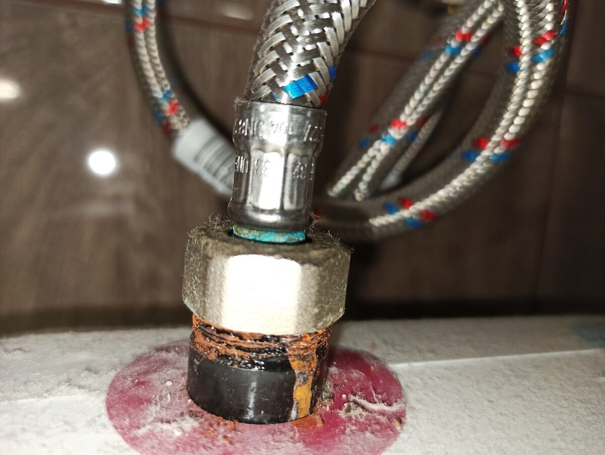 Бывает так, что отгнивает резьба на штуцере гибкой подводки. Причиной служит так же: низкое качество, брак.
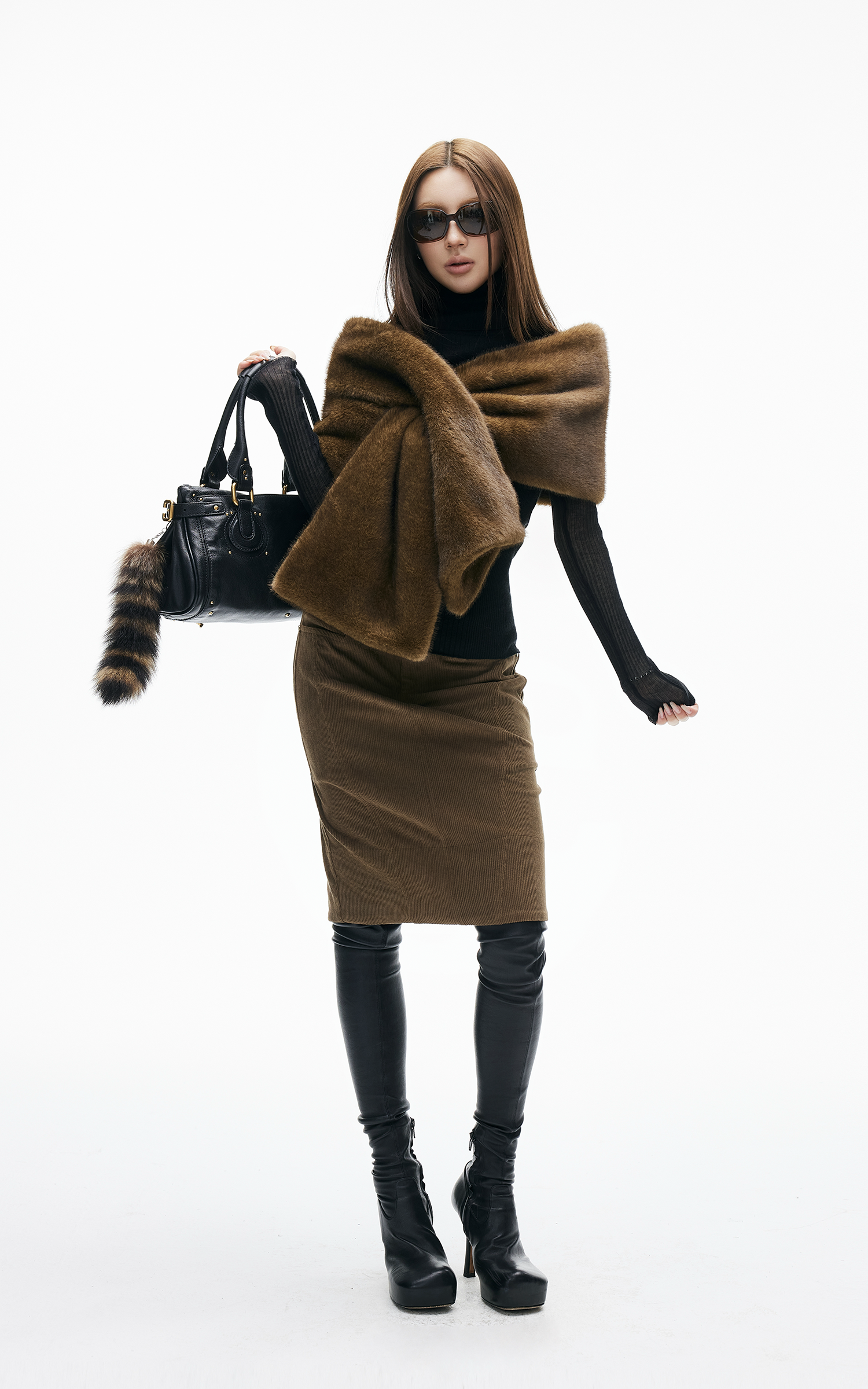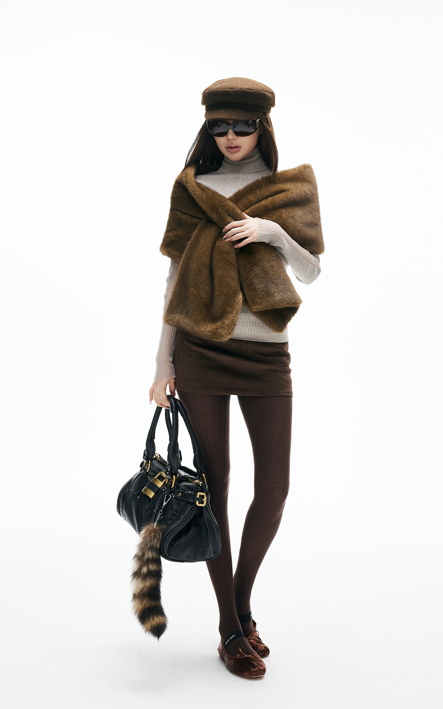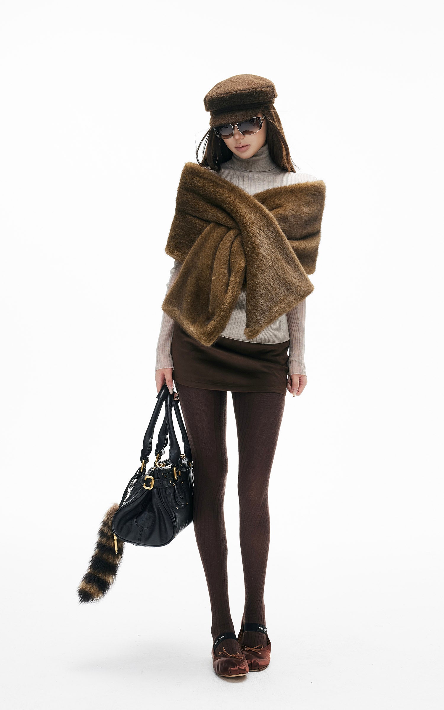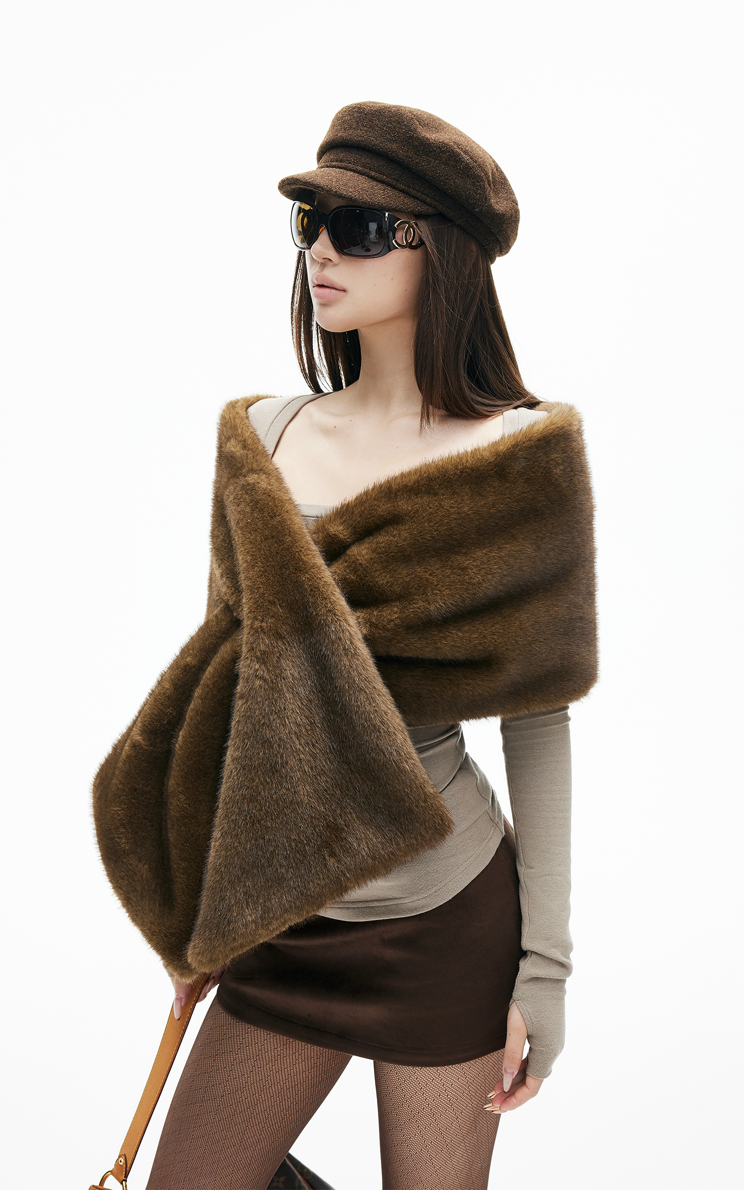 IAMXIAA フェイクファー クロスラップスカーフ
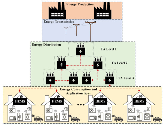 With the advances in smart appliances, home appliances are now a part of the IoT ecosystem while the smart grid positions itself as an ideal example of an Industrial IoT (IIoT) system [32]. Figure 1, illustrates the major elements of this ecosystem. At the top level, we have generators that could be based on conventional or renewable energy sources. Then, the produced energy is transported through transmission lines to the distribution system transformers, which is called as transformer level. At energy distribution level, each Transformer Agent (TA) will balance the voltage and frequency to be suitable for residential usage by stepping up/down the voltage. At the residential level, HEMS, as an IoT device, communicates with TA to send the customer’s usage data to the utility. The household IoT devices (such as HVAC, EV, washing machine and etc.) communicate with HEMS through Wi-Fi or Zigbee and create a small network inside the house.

__________

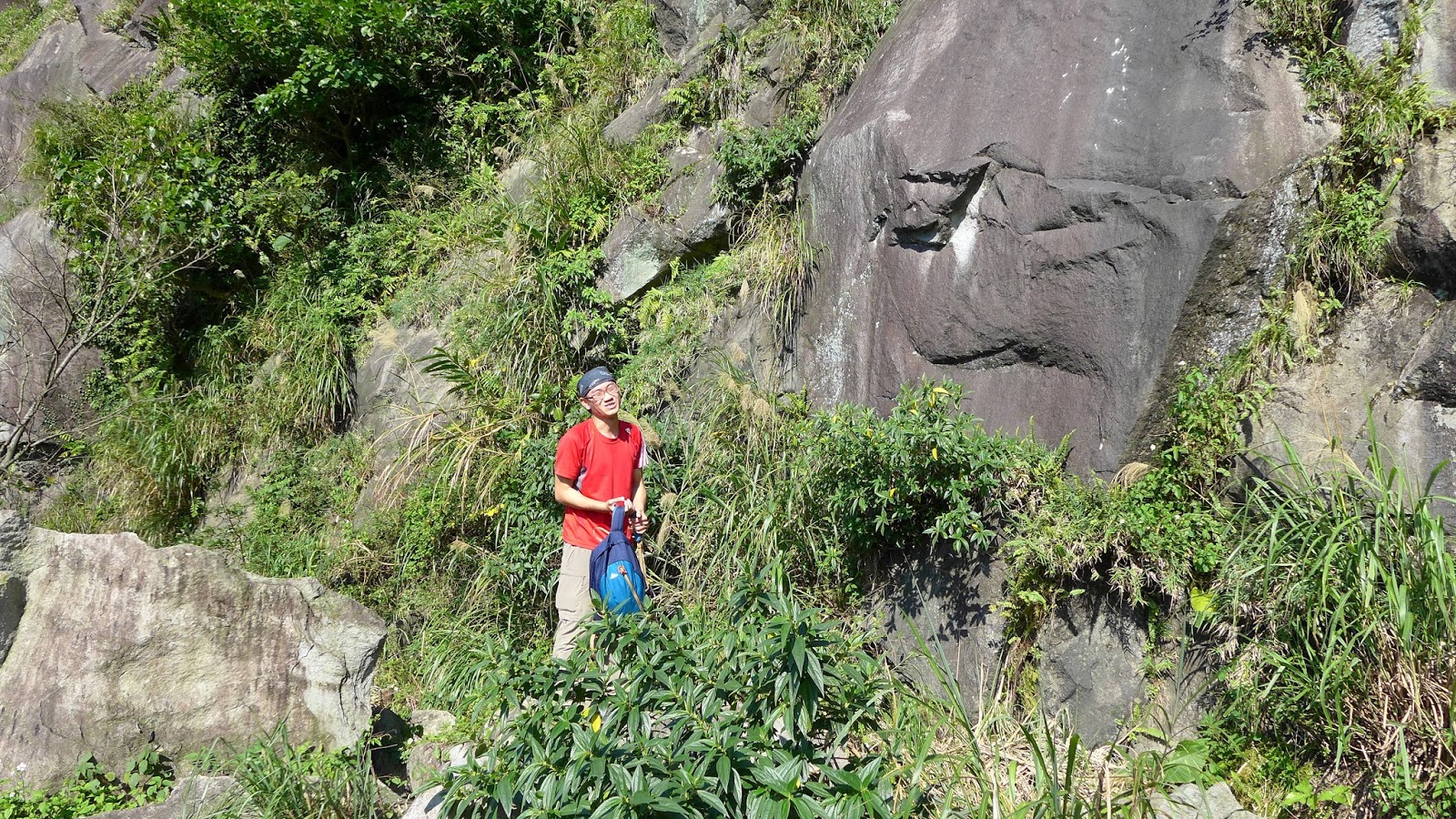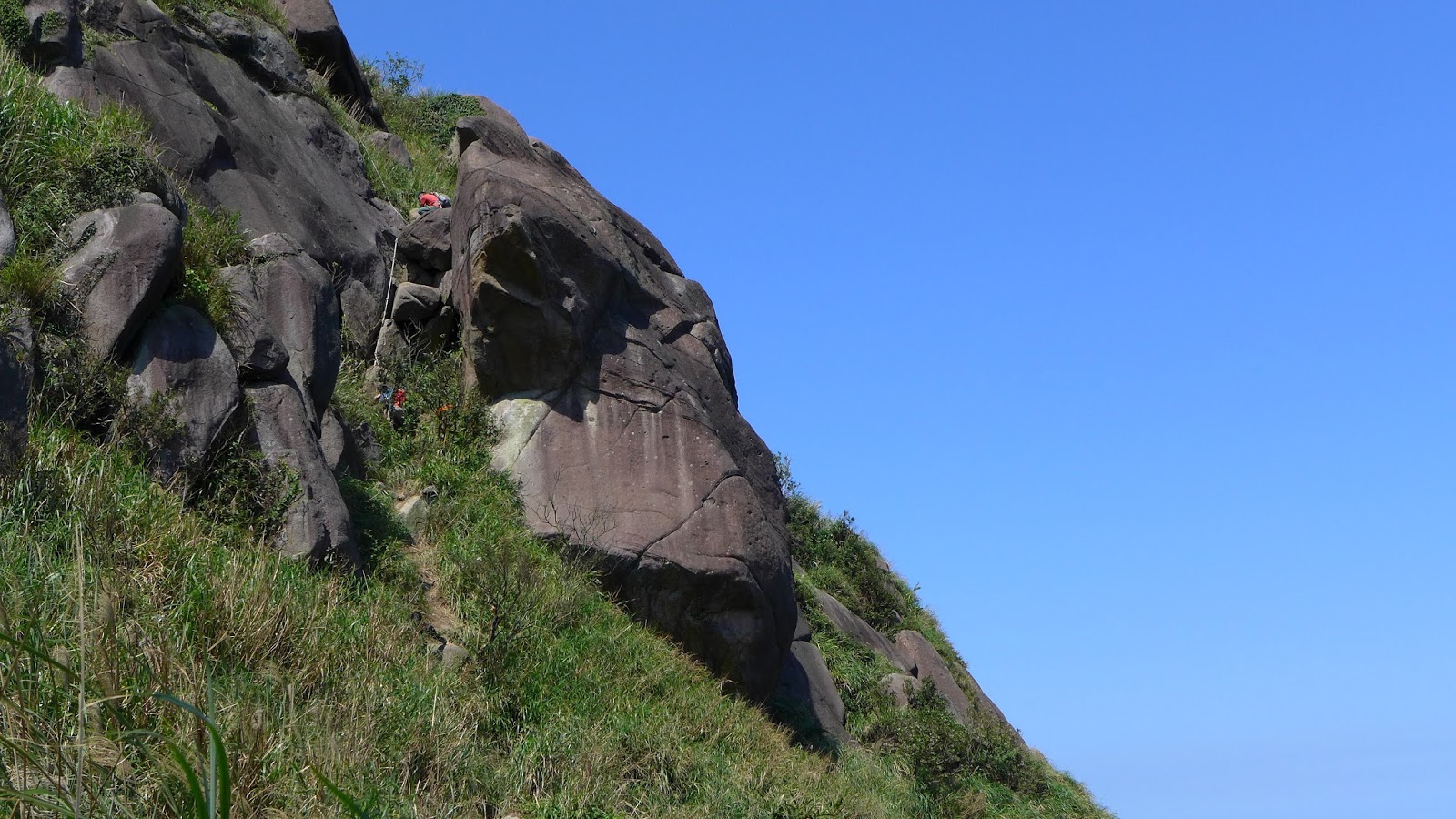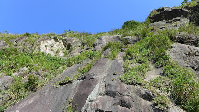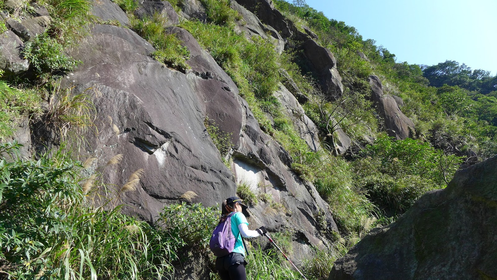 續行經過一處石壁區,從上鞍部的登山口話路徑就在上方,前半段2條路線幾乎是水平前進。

__________

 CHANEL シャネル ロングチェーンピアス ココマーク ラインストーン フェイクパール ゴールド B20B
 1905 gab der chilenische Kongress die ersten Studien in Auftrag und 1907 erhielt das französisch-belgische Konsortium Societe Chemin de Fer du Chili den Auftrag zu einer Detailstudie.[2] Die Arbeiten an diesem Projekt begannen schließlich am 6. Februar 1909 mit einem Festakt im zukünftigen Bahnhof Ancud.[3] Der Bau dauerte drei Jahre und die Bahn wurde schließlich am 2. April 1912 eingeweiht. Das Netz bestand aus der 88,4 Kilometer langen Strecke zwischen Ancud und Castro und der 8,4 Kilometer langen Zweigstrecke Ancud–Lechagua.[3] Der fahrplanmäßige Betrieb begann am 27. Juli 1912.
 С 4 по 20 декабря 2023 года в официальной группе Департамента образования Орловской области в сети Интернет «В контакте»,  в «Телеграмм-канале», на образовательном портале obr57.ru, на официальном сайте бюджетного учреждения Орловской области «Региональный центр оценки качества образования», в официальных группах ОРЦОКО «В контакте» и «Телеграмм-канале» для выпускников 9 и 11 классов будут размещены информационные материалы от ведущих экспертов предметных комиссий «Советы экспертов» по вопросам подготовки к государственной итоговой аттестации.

__________

Using the data above, retype exactly the lines from the line with "Бывает так, что" to the line with "With the advances", inclusive. No pictures and nothing else.

 Бывает так, что отгнивает резьба на штуцере гибкой подводки. Причиной служит так же: низкое качество, брак.
 IAMXIAA フェイクファー クロスラップスカーフ
 With the advances in smart appliances, home appliances are now a part of the IoT ecosystem while the smart grid positions itself as an ideal example of an Industrial IoT (IIoT) system [32]. Figure 1, illustrates the major elements of this ecosystem. At the top level, we have generators that could be based on conventional or renewable energy sources. Then, the produced energy is transported through transmission lines to the distribution system transformers, which is called as transformer level. At energy distribution level, each Transformer Agent (TA) will balance the voltage and frequency to be suitable for residential usage by stepping up/down the voltage. At the residential level, HEMS, as an IoT device, communicates with TA to send the customer’s usage data to the utility. The household IoT devices (such as HVAC, EV, washing machine and etc.) communicate with HEMS through Wi-Fi or Zigbee and create a small network inside the house.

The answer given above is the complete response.